O estudo faz parte da 2ª Edição da série “Justiça Pesquisa”, idealizada e custeada pelo CNJ, que abordou seis temas relacionados ao Judiciário brasileiro.
A frustração no curso da denúncia e da instauração de processo nos casos de violência doméstica foi um dos pontos analisados no diagnóstico elaborado pela Universidade Católica de Pernambuco (Unicap). Foram entrevistadas 75 vítimas de violência, de sete cidades brasileiras – Recife, Maceió, João Pessoa, Belém, São Paulo, Porto Alegre e Brasília. De acordo com a coordenadora da pesquisa, Marília Montenegro de Mello, além de traçar o perfil socioeconômico da vítima e do agressor, a pesquisa “deu voz a ela”.
Revitimização
As narrativas das vítimas revelaram frustração em relação ao tempo de tramitação do processo, considerado muito longo. A maioria das mulheres entrevistadas também afirmou se sentir revitimizada durante o percurso do processo.
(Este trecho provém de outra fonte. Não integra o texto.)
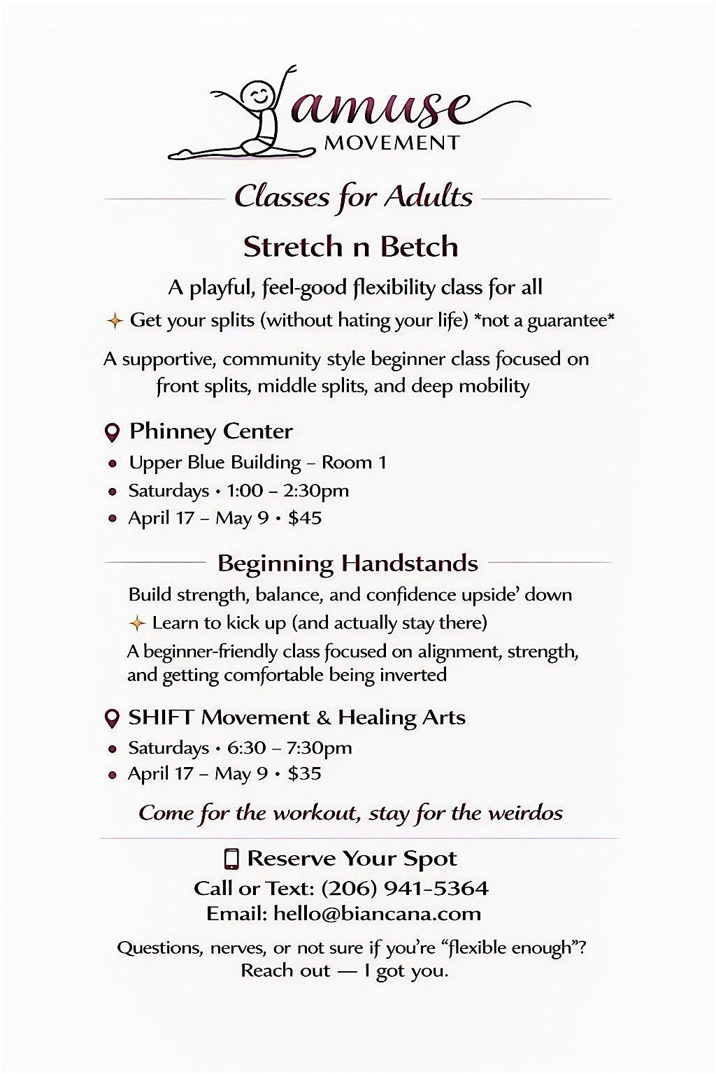 A supportive, community-style beginner class focused onfront splits, middle splits, and deep mobility

Entre os motivos apontados para a frustração estavam as expectativas em relação ao autor de violência. Os dados revelaram que 39% das vítimas não pretendia, ao denunciar o companheiro, que ele fosse preso. Apenas 16% das entrevistadas afirmou ver na pena privativa de liberdade uma possibilidade de solução.
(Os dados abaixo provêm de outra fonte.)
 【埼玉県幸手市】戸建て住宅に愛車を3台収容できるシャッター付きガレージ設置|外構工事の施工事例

Quando questionadas se voltariam a buscar o Sistema de Justiça criminal no caso de sofrerem novas agressões ou se recomendariam o processo a alguém, a maioria das vítimas afirmou que somente recomendariam o processo por não enxergarem outra forma de proceder. “Não é por acreditar na possibilidade de resolução do conflito por meio do processo penal, mas por saber que não poderia fazer justiça pelas próprias mãos”, diz Marília Montenegro.
A maioria das entrevistadas (57%) tinham entre 26 e 40 anos de idade e, em quase 70% dos casos que envolviam violência conjugal, o casal tinha filhos menores de idade. Em 45% dos casos, as vítimas possuíam um relacionamento longo com o autor da agressão, variando entre 7 e 30 anos. Nos relacionamentos de média duração (entre um e sete anos) os números também foram expressivos, representando 28% dos casos.
Mulher sustenta a casa
Além das entrevistas, os pesquisadores analisaram cerca de 1.750 decisões judiciais; uma média de 250 processos por cidade. “A ideia é entender como a Justiça vê e decide sobre a violência doméstica contra a mulher”, disse a coordenadora. A maioria dos casos analisados (97%) foi de relacionamento conjugal.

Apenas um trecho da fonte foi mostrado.